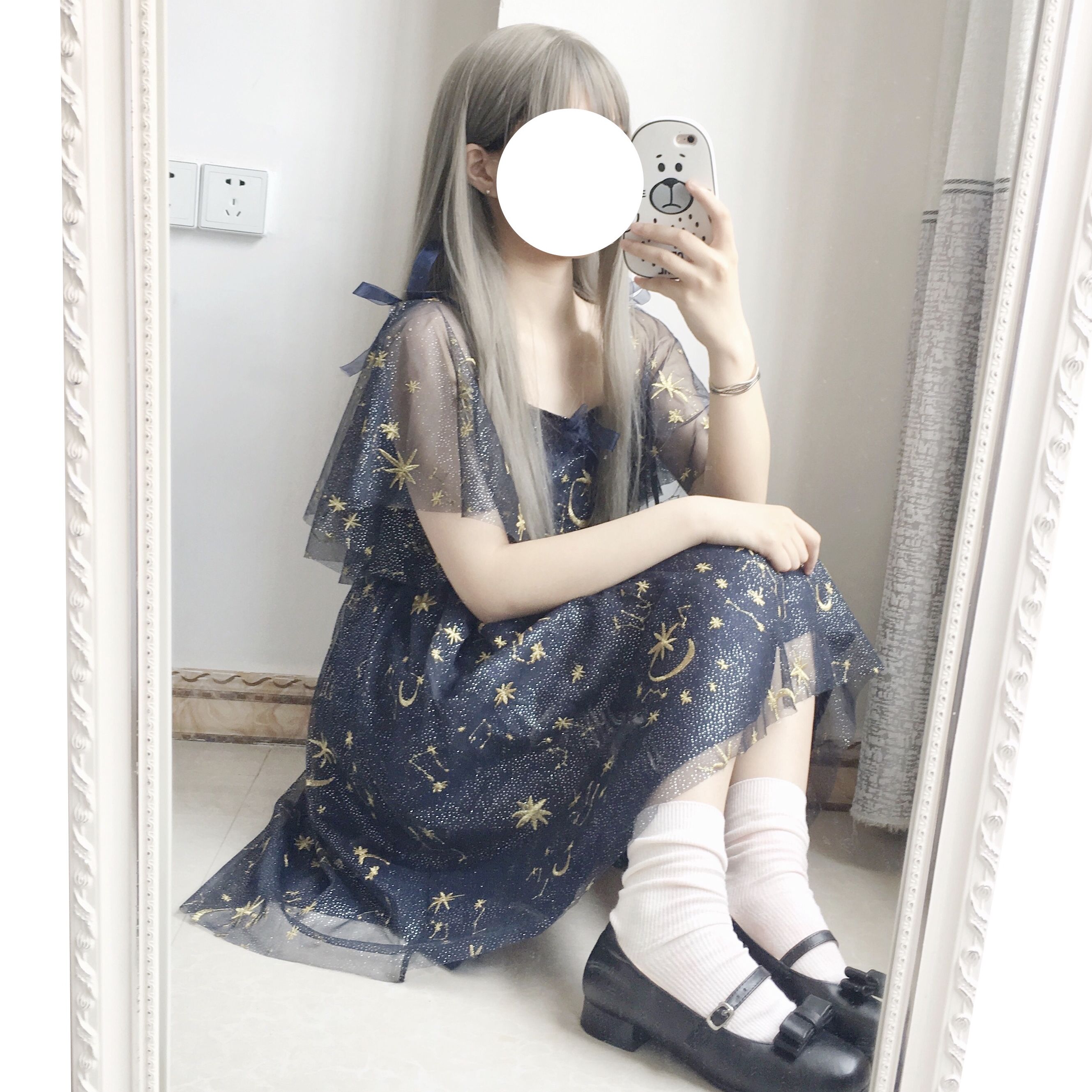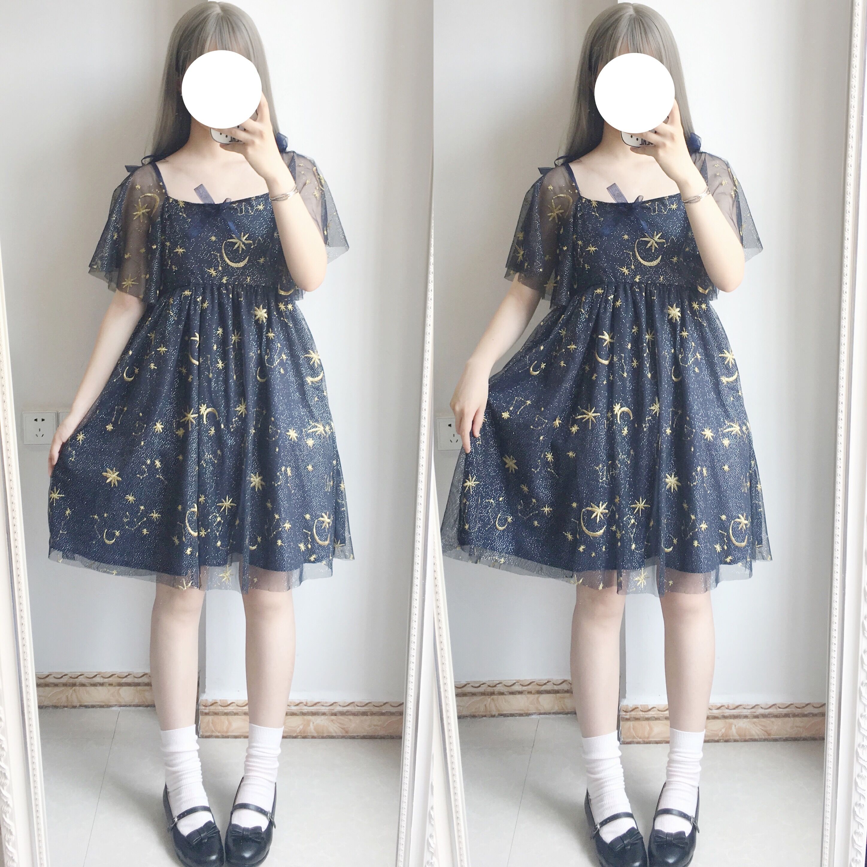Color: dark blue, apricot size: one size pattern: plain Process: collage / splicing Fabric name: chemical fiber blend Style: Japanese
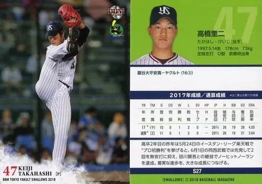 Japanese title: BBM/レギュラーカード/BBM2018 東京ヤクルトスワローズ S27 [レギュラーカード] : 高橋奎二
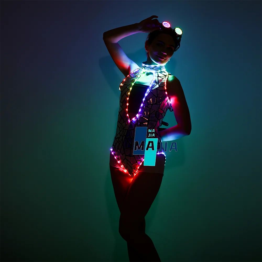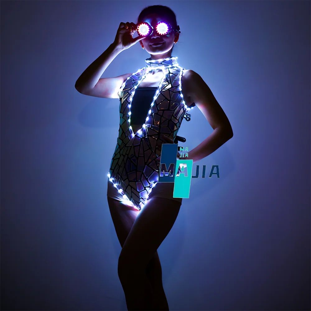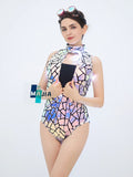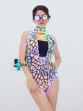 Mirror Glitter Silver Sleeveless PU Club Dress Sparkling Nightclub Party Gown Bodycon Evening Dance Wear for DJ Dancer Bar
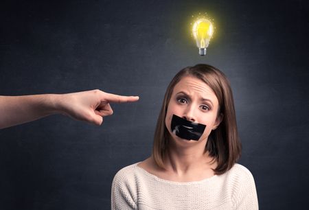 Caucasian hand pointing at female employee with a lightbulb above her head
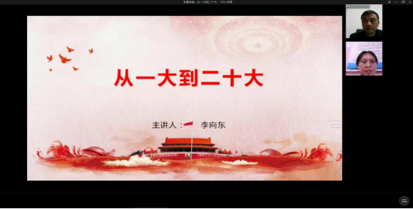 李向东回顾了中国共产党全国代表大会历次大会的召开情况,重点讲述了党的一大到七大的历史背景、关键人物和重大意义,介绍了毛泽东思想、邓小平理论、“三个代表”重要思想、科学发展观和习近平新时代中国特色社会主义思想确立为党的指导思想并写入党章的经过,从历次党代会党员和代表的人数变化展示了中国共产党由小到大、由弱变强的发展过程,从中国共产党百年奋斗的历程中,歌颂了党领导人民取得的丰功伟绩和辉煌成就。
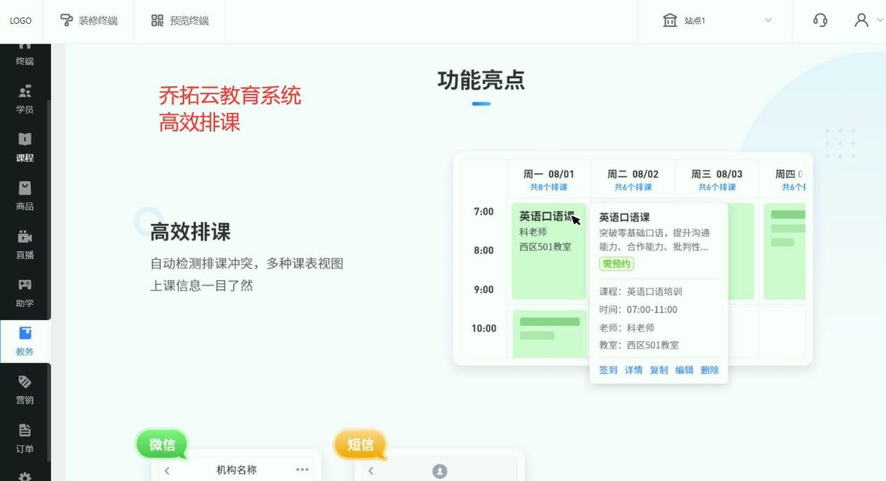 排课管理:排课功能完善,支持多班型、多校区排课,可设置教师专长标签,自动匹配教师与课程,提升排课效率40%以上。

********

## WHAT IS BEING ASKED
If a record holds a picture, leave the picture out and print everything else exactly.

## SOLUTION FOR THIS EXERCISE
Color: dark blue, apricot size: one size pattern: plain Process: collage / splicing Fabric name: chemical fiber blend Style: Japanese
 Japanese title: BBM/レギュラーカード/BBM2018 東京ヤクルトスワローズ S27 [レギュラーカード] : 高橋奎二
 Mirror Glitter Silver Sleeveless PU Club Dress Sparkling Nightclub Party Gown Bodycon Evening Dance Wear for DJ Dancer Bar
 Caucasian hand pointing at female employee with a lightbulb above her head
 李向东回顾了中国共产党全国代表大会历次大会的召开情况,重点讲述了党的一大到七大的历史背景、关键人物和重大意义,介绍了毛泽东思想、邓小平理论、“三个代表”重要思想、科学发展观和习近平新时代中国特色社会主义思想确立为党的指导思想并写入党章的经过,从历次党代会党员和代表的人数变化展示了中国共产党由小到大、由弱变强的发展过程,从中国共产党百年奋斗的历程中,歌颂了党领导人民取得的丰功伟绩和辉煌成就。
 排课管理:排课功能完善,支持多班型、多校区排课,可设置教师专长标签,自动匹配教师与课程,提升排课效率40%以上。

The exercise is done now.